Sierra Leone Minister of Sports
- Incumbent
- Assumed office 23 December 2010
- President: Ernest Bai Koroma
- Incumbent
- Assumed office Febr

Personal details
- Born: 12 August 1956 (age 69) Kambia, Sierra Leone
- Alma mater: Fourah Bay College
- Profession: Journalist

= Paul Kamara =

Sierra Leonean journalist and politician

Paul Kamara (born 12 August 1956) is a Sierra Leonean journalist, football manager, and cabinet minister.

==Background==
Kamara was born on 12 August 1956 in Kambia District, Sierra Leone. He is Catholic and a former priest, and holds a Bachelor of Arts from the University of Sierra Leone. He is married to Isatu Sidratu Kamara, with whom he has three daughters.

==Journalism==
Since 1983, Kamara has served as editor of For Di People, a Krio-language newspaper. Kamara has at times been critical of all sides in Sierra Leone's conflicts and has reportedly angered multiple political parties. The citation of the Civil Courage Prize lauded Kamara as a journalist who had "consistently crusaded against corruption and other social ills, championed press freedom, human rights and democratic values in Sierra Leone, despite continual harassment and intimidation".

As a consequence of his journalism, Kamara has been regularly threatened, attacked, and jailed. On 20 February 1996, the first day of a round of elections, Kamara was fired on by soldiers with automatic rifles and wounded in the leg, ostensibly for violating curfew. Though human rights groups have since described the incident as an "assassination attempt", no official inquiry took place. In 1999, three Revolutionary United Front (RUF) officials allegedly assaulted Kamara in the For Di People office following an article which described the "posh life" of military commanders in Freetown. On 25 September 2001, Kamara and six other journalists received anonymous death threats following their criticism of the government's decision to postpone elections. Government spokespeople denied involvement, and accused the journalists of fabricating the threats to win international sympathy.

On 12 November 2002, the Sierra Leone High Court convicted Kamara on 18 counts of criminal libel following a series of articles criticising appeals court judge Tolla Thompson's management of the Sierra Leone Football Association. He was sentenced to six months in prison and a fine of 4,500 leones (about US$2). He was freed on 11 March, but announced his intention to appeal his conviction on principle to have his conviction expunged from his record.

Kamara has won numerous international press awards for his work. In 1997, he won the London-based International Press Directory's Freedom of the Press award and in 1999, the US-based World Press Reviews "International Editor of the Year Award". In 2001, he was awarded the Train Foundation's Civil Courage Prize, which recognises "extraordinary heroes of conscience" and included a cash prize of US$50,000.

==2004 libel conviction==
In October 2003, For Di People ran the headline "Speaker of Parliament challenge! Kabbah is a true convict!", referring to President Ahmad Tejan Kabbah's 1968 conviction for fraud and suggesting that it was unconstitutional for him to hold office.
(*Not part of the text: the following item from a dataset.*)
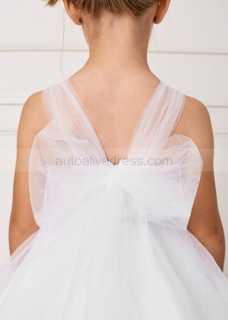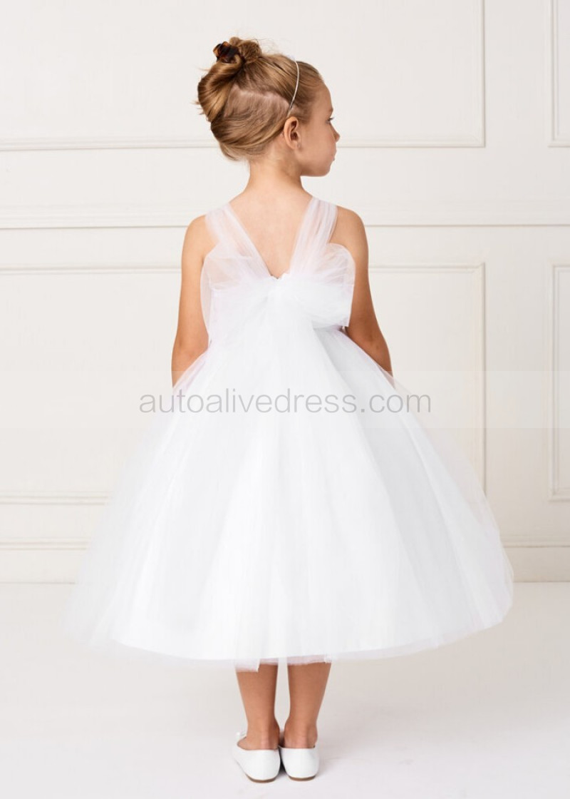Beaded White Lace Tulle Tea Length Flower Girl Dress

Kamara was subsequently arrested, and in 2004, was imprisoned on two charges of seditious libel. Equipment was confiscated from For Di People offices, including Kamara's car, and the newspaper was shut down for six months. On 28 July 2005, Kamara's replacement as editor, Harry Yansaneh, died from a beating reportedly ordered by a member of parliament.

BBC News described Kamara's case as sparking "wide public interest with pleas from media rights groups worldwide demanding his release". The Committee to Protect Journalists issued an appeal on Kamara's behalf, as did Reporters Without Borders.
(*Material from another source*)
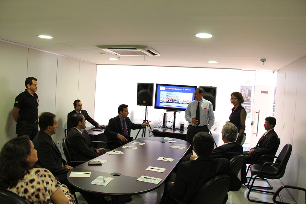 Os visitantes conheceram as diversas áreas de atuação do sistema de segurança, que foram apresentadas por membros da equipe, com exibição de vídeo e data-show, na sala de treinamento da Escola Judicial.

On 30 November 2005, Kamara won an appeal against his conviction and was freed. After his release, he told reporters, "imprisonment has not broken my spirit to publish the truth or stand for the people's right to know".

==Ministerial career==
In 1996, Kamara served one month as Secretary of State, Land, Housing and the Environment in the military government of Julius Maada Bio's National Provisional Ruling Council (NPRC). When he concluded that the generals had no intention of transitioning to democracy, however, he left the government. Shortly after, he was shot by soldiers and sought medical treatment in London, but returned a year later to oppose the military rule.
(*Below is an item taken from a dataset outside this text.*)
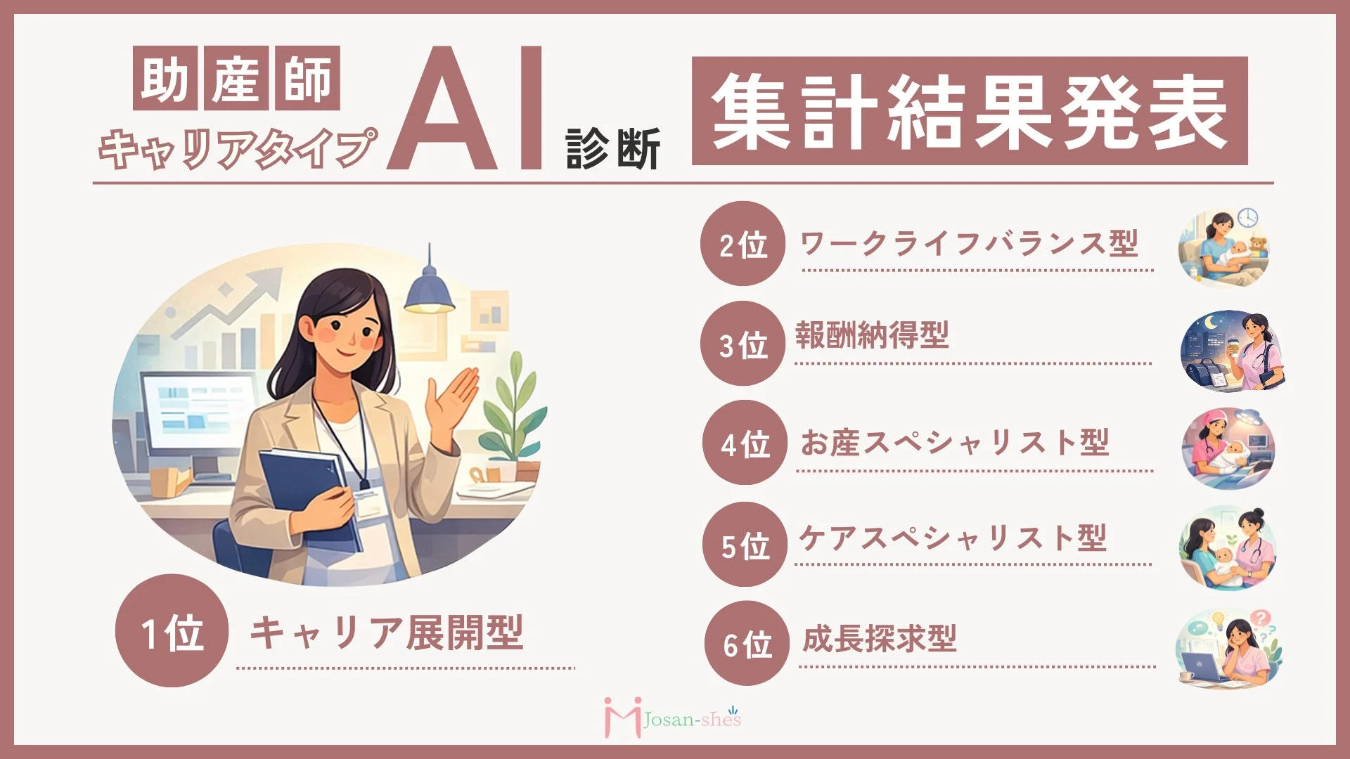3月5日は「産後ケアの日」、そして3月8日は「国際女性デー」でしたね。この時期に、助産師を中心とした産前産後ケアサービスを運営する株式会社Josan-she’s(ジョサンシーズ)が、助産師のキャリア志向を可視化するオンライン診断ツール「助産師キャリアタイプAI診断」の集計結果を発表しました!

On 23 December 2010, Kamara became Sierra Leone's Minister of Employment, Youth and Sports in the cabinet of Ernest Bai Koroma. In 2011, his ministry came into conflict with Sierra Leone Football Association (SLFA) over the appointment of Swedish coach Lars-Olof Mattsson. The SLFA had pushed for Christian Cole to coach the team instead, culminating in the two coaches naming different squads for a June 2011 2012 Africa Cup of Nations qualifier. On 23 May, Kamara announced that the two sides had come to terms and that Mattison would remain the coach.

==Football==
Kamara owns a popular football team, the Wellington People F.C. In 2000, he also briefly served as Team Manager of the national football team, the Leone Stars. During his tenure, he reportedly came into conflict with head coach Abdulai Garincha.